A pochi mesi dalle elezioni amministrative, il segretario generale della Cgil di Agrigento, Alfonso Buscemi, lancia un appello alla politica e alla cittadinanza, denunciando la mancanza di un dibattito pubblico serio e trasparente sui problemi reali della città.
Secondo Buscemi, “si ha la sensazione che prevalgano tatticismi, equilibri interni e logiche di conservazione del potere, finalizzate più alla tutela di posizioni personali e di gruppi dirigenti che alla costruzione di un progetto credibile per il futuro della comunità”. Una situazione che, sottolinea, lascia i cittadini in attesa di risposte su temi fondamentali come lavoro, servizi, sviluppo, povertà crescente e mancanza di prospettive per i giovani.
“Agrigento non può permettersi silenzi, ambiguità o manovre di palazzo – afferma Buscemi –. La città ha bisogno di chiarezza, programmi e responsabilità”. Il segretario della Cgil esprime inoltre preoccupazione per il clima che si sta creando, alimentato da scelte che rischiano di dividere ulteriormente la comunità. In particolare, fa riferimento alla decisione del sindaco di intitolare una via cittadina a Sergio Ramelli, giovane vittima di una stagione segnata da violenze e contrapposizioni ideologiche.

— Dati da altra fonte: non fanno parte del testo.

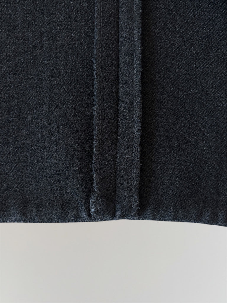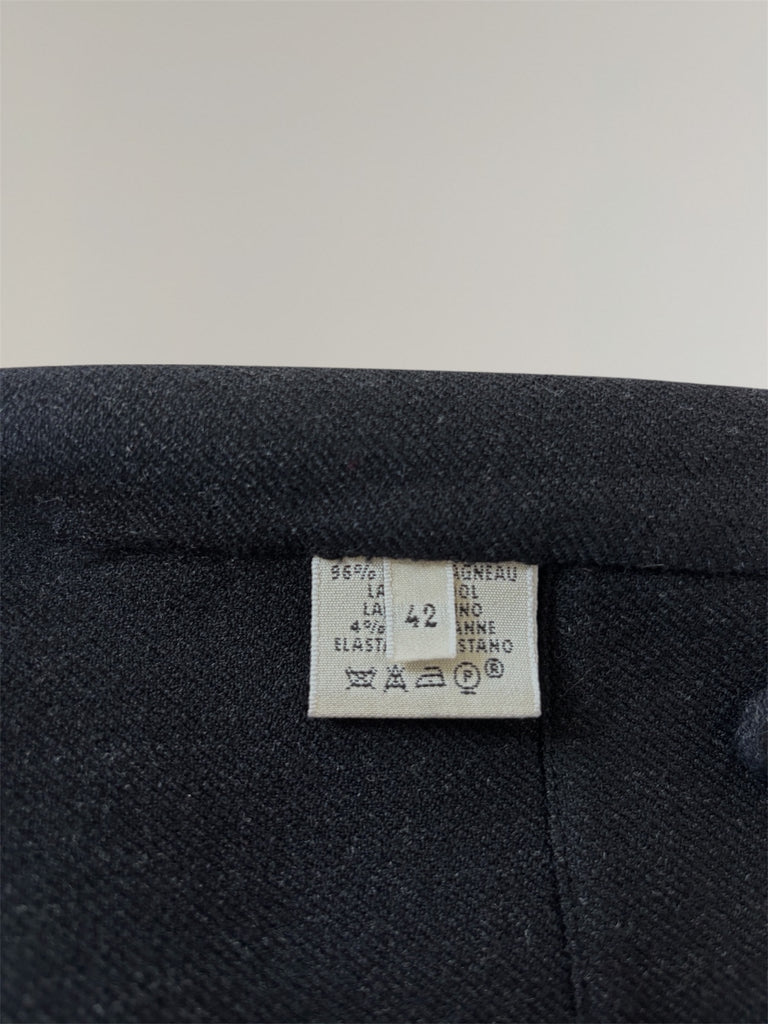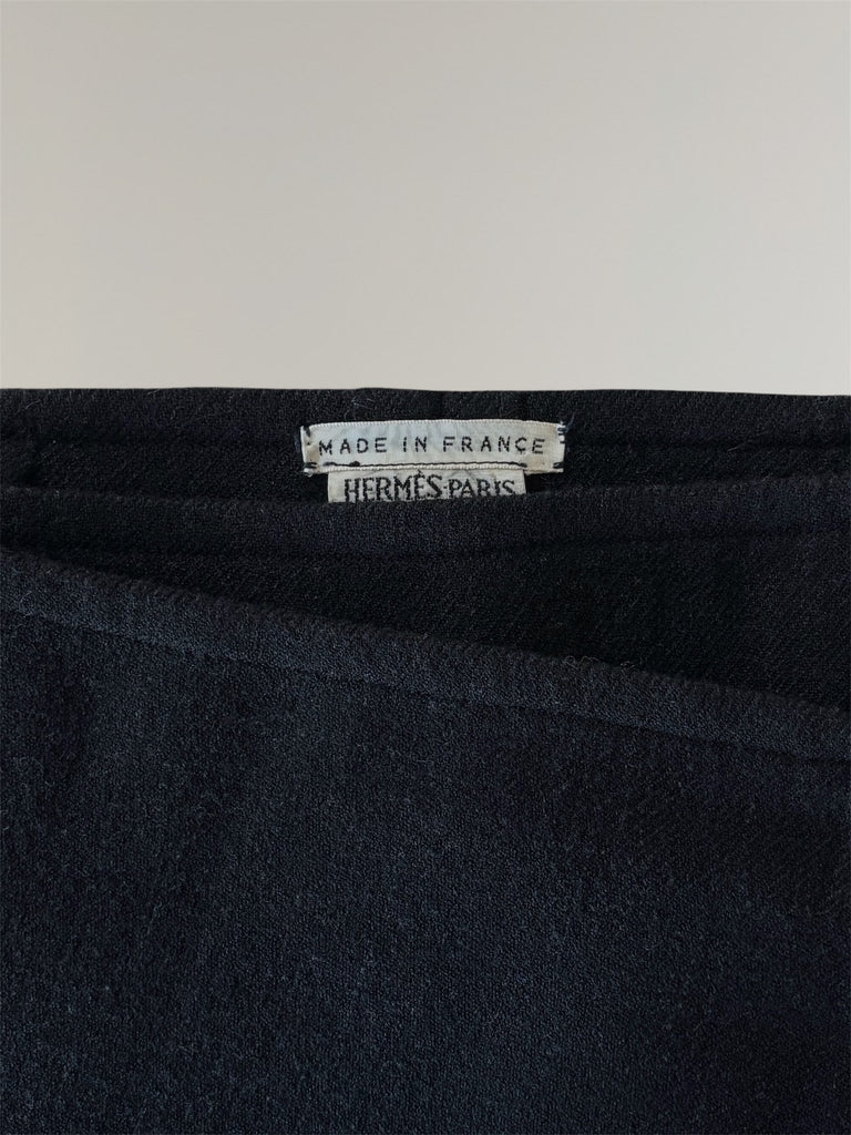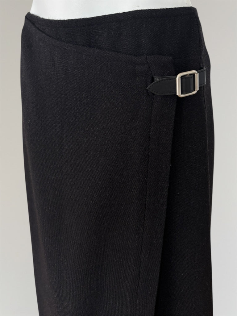 Hermès AW2000 by Martin Margiela mid-length wrap lambwool skirt with a leather buckle and one hidden six-hole button with stitching forming a subtle 'H'. Beautiful faded black shade with slight stretch in the fabric. Seen on the runway in crocodile leather. Unoriginal seam in the back, kindly refer to the measurements. Slight feel of wear in the fabric, overall in a very good condition.

“Nel rispetto della memoria e del dolore che quella stagione ha lasciato – dichiara Buscemi – riteniamo che oggi Agrigento abbia bisogno di unità e coesione, non di iniziative che possano riaprire contrapposizioni o alimentare tensioni. La città chiede soluzioni ai propri problemi, non nuovi motivi di scontro”. Il rischio, secondo il sindacato, è che si portino all’attenzione dell’opinione pubblica temi divisivi e simbolici per distogliere l’attenzione dalle vere emergenze: la mancanza di lavoro, i servizi insufficienti, il disagio sociale, le infrastrutture carenti e le opportunità negate a intere generazioni. Buscemi rivolge quindi un appello “alle donne e agli uomini di buona volontà, animati da spirito di servizio”, affinché abbiano “il coraggio di mettersi a disposizione della città con proposte serie, competenza e senso di responsabilità”.
Allo stesso tempo, invita i cittadini a non rassegnarsi: “La stanchezza e la delusione sono comprensibili, ma senza partecipazione e senza un voto libero e consapevole si continuerà a lasciare spazio a logiche clientelari e a chi considera la cosa pubblica come un patrimonio personale. Senza un sussulto civico e democratico – conclude Buscemi – a pagare il prezzo saranno ancora una volta le famiglie, i lavoratori, i giovani e tutti coloro che non hanno protezioni o privilegi, con un costo sempre più alto in termini di diritti, opportunità e dignità. Agrigento ha bisogno di verità, responsabilità e visione. È il momento di unire la città, non di dividerla”.